INFORMATION SUPPLIED:
________________________

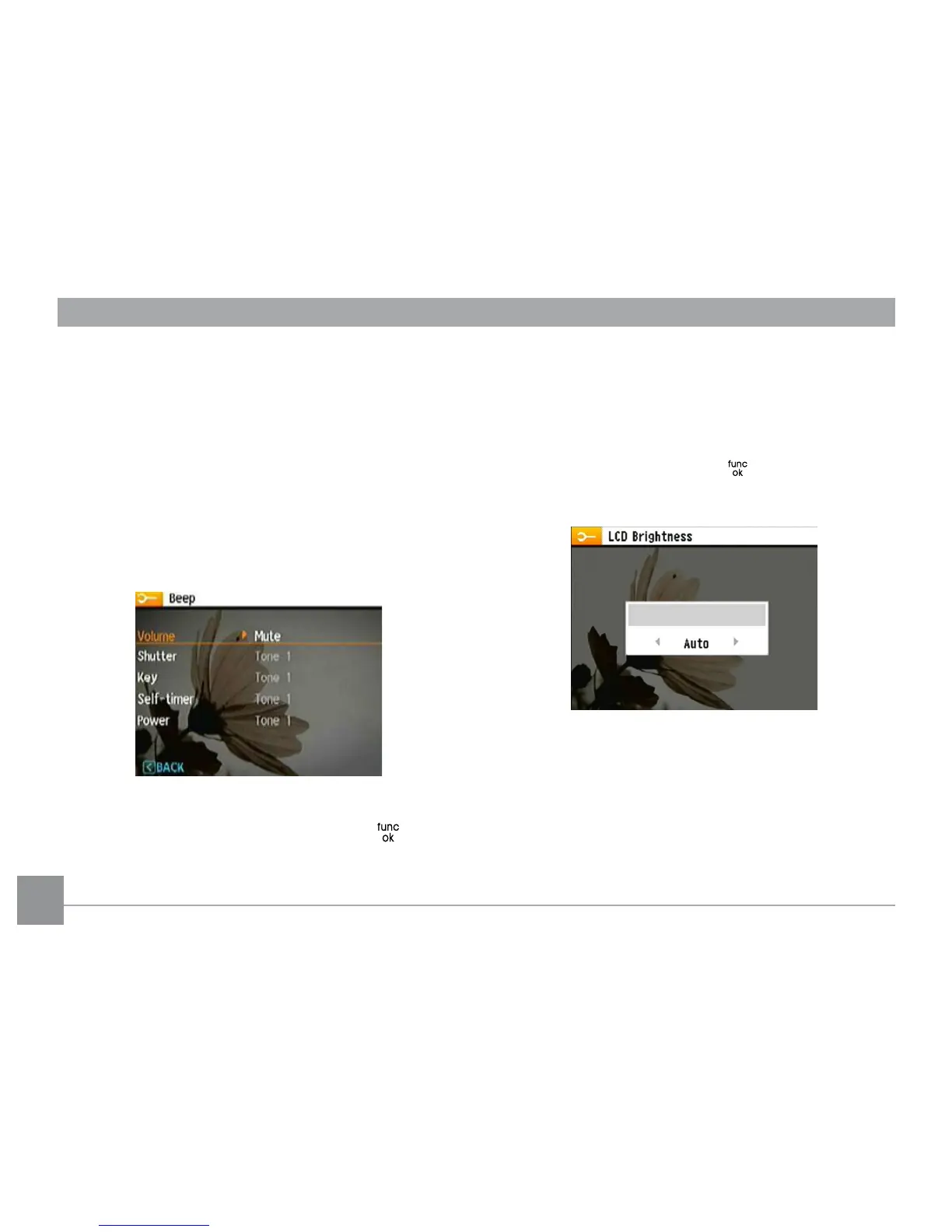 volume, shutter tone, key tone, self-timer tone, and power
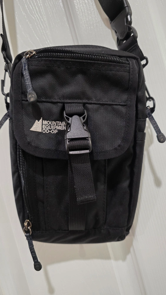 Check out this Mountain Equipment Co-op crossbody bag! It's a handy size for carrying your essentials. This black bag is in great condition and ready for your next adventure
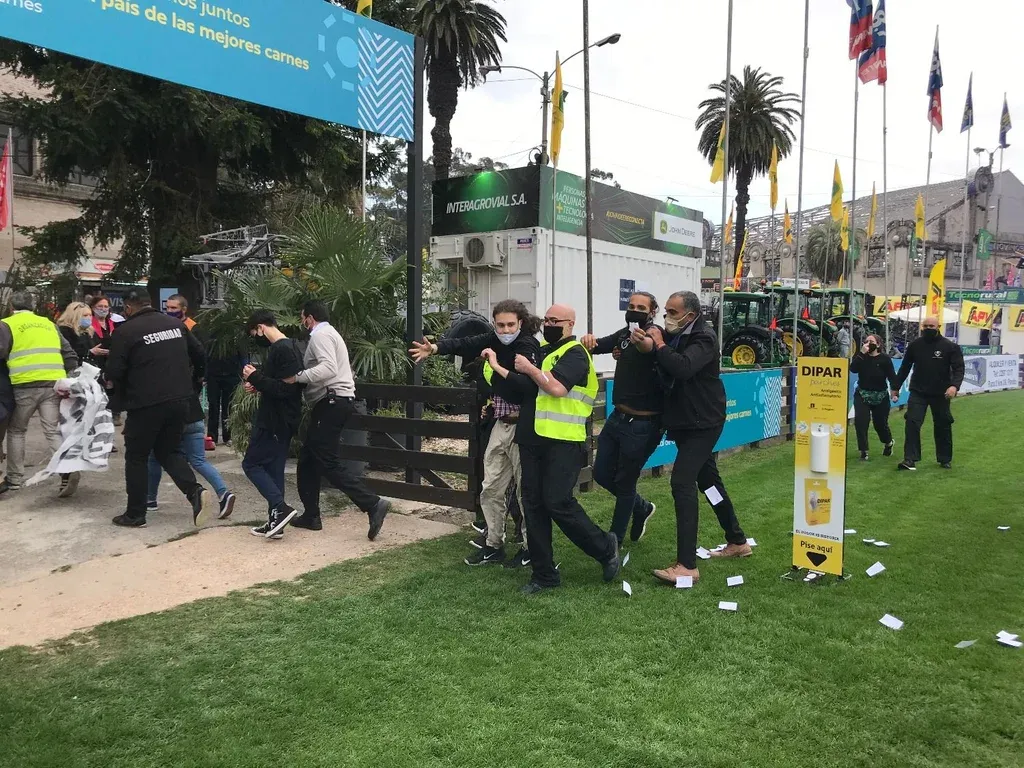 Pero hubo más. Como en 2019, un grupo de 10 jóvenes ingresó sin permiso al ruedo portando bengalas con humo de color azul y gritando “¡Los animales no son comida!”. Fue cuando estaba exponiendo el intendente. Pagaron la entrada para ingresar al predio, tenían tapaboca, pero saltaron las vallas de madera para entrar al sitio donde se realizaba el acto inaugural. Todo duró un minuto hasta que funcionarios de la ARU retiraron a esas personas –primero del ruedo y luego del predio de exposiciones, sin violencia–.

________________________

EXERCISE DESCRIPTION: All that is needed is the span from the line with "Check out this" through the last line of the material above, reproduced exactly and free of pictures.

RESULT FOR THIS EXERCISE:
 Check out this Mountain Equipment Co-op crossbody bag! It's a handy size for carrying your essentials. This black bag is in great condition and ready for your next adventure
 Pero hubo más. Como en 2019, un grupo de 10 jóvenes ingresó sin permiso al ruedo portando bengalas con humo de color azul y gritando “¡Los animales no son comida!”. Fue cuando estaba exponiendo el intendente. Pagaron la entrada para ingresar al predio, tenían tapaboca, pero saltaron las vallas de madera para entrar al sitio donde se realizaba el acto inaugural. Todo duró un minuto hasta que funcionarios de la ARU retiraron a esas personas –primero del ruedo y luego del predio de exposiciones, sin violencia–.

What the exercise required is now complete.